> **Task prompt**
Output only the lines below that start at the line containing "Bright and Spacious" and end at the line containing "Mortadelo sufre un", with both ends kept.

[Stored items]
•••
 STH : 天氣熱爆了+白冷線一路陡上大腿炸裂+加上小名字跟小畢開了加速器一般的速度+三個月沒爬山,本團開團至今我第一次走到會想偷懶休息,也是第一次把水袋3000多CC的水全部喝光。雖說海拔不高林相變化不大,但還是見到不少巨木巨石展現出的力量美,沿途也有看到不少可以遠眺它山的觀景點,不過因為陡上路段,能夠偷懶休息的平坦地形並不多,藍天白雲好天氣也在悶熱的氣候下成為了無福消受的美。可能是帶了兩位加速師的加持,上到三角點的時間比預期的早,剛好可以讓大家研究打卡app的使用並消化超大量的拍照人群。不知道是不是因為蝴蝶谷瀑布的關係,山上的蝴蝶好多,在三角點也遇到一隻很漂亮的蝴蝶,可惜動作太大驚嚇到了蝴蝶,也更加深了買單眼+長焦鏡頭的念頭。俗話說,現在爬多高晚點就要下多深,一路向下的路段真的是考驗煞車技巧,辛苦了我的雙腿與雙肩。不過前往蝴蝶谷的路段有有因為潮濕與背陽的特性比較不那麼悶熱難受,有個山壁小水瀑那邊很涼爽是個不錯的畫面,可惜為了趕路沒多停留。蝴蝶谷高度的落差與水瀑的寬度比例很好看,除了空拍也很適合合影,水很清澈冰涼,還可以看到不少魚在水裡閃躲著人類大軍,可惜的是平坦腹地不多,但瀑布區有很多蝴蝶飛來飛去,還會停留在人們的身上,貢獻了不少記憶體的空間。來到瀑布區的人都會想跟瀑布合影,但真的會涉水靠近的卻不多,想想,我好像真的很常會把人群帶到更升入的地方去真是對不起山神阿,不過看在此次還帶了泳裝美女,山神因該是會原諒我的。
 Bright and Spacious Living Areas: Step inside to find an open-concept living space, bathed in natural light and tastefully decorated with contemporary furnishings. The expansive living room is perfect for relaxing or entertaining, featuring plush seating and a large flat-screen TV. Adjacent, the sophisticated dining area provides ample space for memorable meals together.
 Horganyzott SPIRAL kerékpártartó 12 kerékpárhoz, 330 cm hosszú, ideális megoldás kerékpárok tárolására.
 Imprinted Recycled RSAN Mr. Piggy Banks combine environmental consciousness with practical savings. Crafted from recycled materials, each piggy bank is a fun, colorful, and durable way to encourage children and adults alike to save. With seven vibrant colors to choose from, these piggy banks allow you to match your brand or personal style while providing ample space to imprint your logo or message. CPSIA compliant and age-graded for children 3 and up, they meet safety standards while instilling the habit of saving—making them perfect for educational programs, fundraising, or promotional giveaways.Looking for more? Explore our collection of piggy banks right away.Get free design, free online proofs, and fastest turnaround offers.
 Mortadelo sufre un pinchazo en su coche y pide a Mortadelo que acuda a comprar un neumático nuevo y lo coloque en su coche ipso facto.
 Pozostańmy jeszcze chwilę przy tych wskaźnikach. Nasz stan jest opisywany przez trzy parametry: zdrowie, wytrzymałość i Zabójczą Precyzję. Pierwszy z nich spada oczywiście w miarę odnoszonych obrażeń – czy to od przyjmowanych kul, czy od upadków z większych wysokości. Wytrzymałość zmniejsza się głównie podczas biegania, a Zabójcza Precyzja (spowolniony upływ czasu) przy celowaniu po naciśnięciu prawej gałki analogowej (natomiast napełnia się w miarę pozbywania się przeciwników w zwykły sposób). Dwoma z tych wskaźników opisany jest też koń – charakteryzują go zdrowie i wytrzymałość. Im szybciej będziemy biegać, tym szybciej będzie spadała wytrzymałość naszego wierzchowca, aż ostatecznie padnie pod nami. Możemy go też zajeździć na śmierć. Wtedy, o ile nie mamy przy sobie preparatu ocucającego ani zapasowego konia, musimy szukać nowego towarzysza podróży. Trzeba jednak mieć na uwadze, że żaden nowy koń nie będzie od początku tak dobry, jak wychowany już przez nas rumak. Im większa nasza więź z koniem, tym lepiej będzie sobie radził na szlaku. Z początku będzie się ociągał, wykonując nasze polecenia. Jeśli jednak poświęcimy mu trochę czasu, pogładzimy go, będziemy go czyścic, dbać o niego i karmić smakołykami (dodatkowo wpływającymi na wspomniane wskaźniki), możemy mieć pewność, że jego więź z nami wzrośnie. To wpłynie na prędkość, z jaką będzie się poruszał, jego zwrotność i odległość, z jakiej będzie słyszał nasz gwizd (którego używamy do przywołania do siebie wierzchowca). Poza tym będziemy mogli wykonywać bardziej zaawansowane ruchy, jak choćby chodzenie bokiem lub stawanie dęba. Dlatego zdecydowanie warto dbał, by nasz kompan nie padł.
•••
> **The answer**
 Bright and Spacious Living Areas: Step inside to find an open-concept living space, bathed in natural light and tastefully decorated with contemporary furnishings. The expansive living room is perfect for relaxing or entertaining, featuring plush seating and a large flat-screen TV. Adjacent, the sophisticated dining area provides ample space for memorable meals together.
 Horganyzott SPIRAL kerékpártartó 12 kerékpárhoz, 330 cm hosszú, ideális megoldás kerékpárok tárolására.
 Imprinted Recycled RSAN Mr. Piggy Banks combine environmental consciousness with practical savings. Crafted from recycled materials, each piggy bank is a fun, colorful, and durable way to encourage children and adults alike to save. With seven vibrant colors to choose from, these piggy banks allow you to match your brand or personal style while providing ample space to imprint your logo or message. CPSIA compliant and age-graded for children 3 and up, they meet safety standards while instilling the habit of saving—making them perfect for educational programs, fundraising, or promotional giveaways.Looking for more? Explore our collection of piggy banks right away.Get free design, free online proofs, and fastest turnaround offers.
 Mortadelo sufre un pinchazo en su coche y pide a Mortadelo que acuda a comprar un neumático nuevo y lo coloque en su coche ipso facto.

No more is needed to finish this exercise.